Wabash 1964 Timetable

Between 1959 and 1964, the Wabash timetable shrank from a 16-page booklet to a four-panel brochure. The timetable still showed trains on the same routes as in 1959, but services on most of them were reduced. Surprisingly, the Centralia-Columbia passenger and two mixed trains survived in 1964, as did the two St. Louis-Detroit trains. There is also a new train that appears to be a commuter train over the 23 miles from Orland Park to Chicago once each weekday morning and returning each weekday afternoon.

Click image to download a 2.5-MB PDF of this 16-page timetable.

However, the St. Louis-Omaha train was cut back to St. Louis-Council Bluffs. The overnight “Midnight Limiteds” from Chicago to St. Louis and St. Louis to Kansas City disappeared completely. Wabash continued to operate the City of Kansas City until February, 1968, and the City of St. Louis until August, 1968. When the latter train ended, Union Pacific renamed its share of that train that operated from Kansas City to Denver City of Kansas City, which must have confused a few people who were used to taking a train of that name from Kansas City to St. Louis.

Wabash 1959 Timetable

In 1959, Wabash passenger trains apparently served four main routes: Chicago-St. Louis, St. Louis-Kansas City, St. Louis-Detroit, and St. Louis-Omaha.

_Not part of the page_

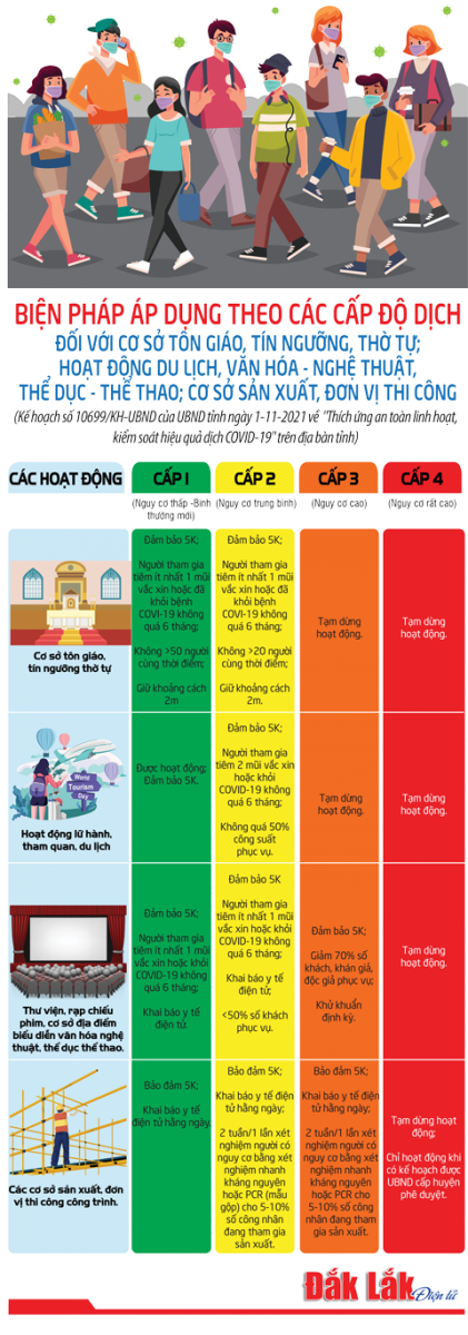 Dưới đây là các biện pháp áp dụng theo các cấp độ dịch đối với cơ sở tôn giáo, tín ngưỡng, thờ tự; hoạt động du lịch, văn hóa – nghệ thuật; thể dục – thể thao; cơ sở sản xuất, đơn vị thi công:

There was also one local route between Centralia and Columbia, Missouri.

Click image to download an 11.3-MB PDF of this 16-page timetable.

The Chicago-St. Louis route was served by the Banner Blue, the domeliner Blue Bird, and the Midnight. St. Louis-Kansas City had the morning domeliner City of Kansas City, afternoon domeliner City of St. Louis, and overnight Midnight Limited.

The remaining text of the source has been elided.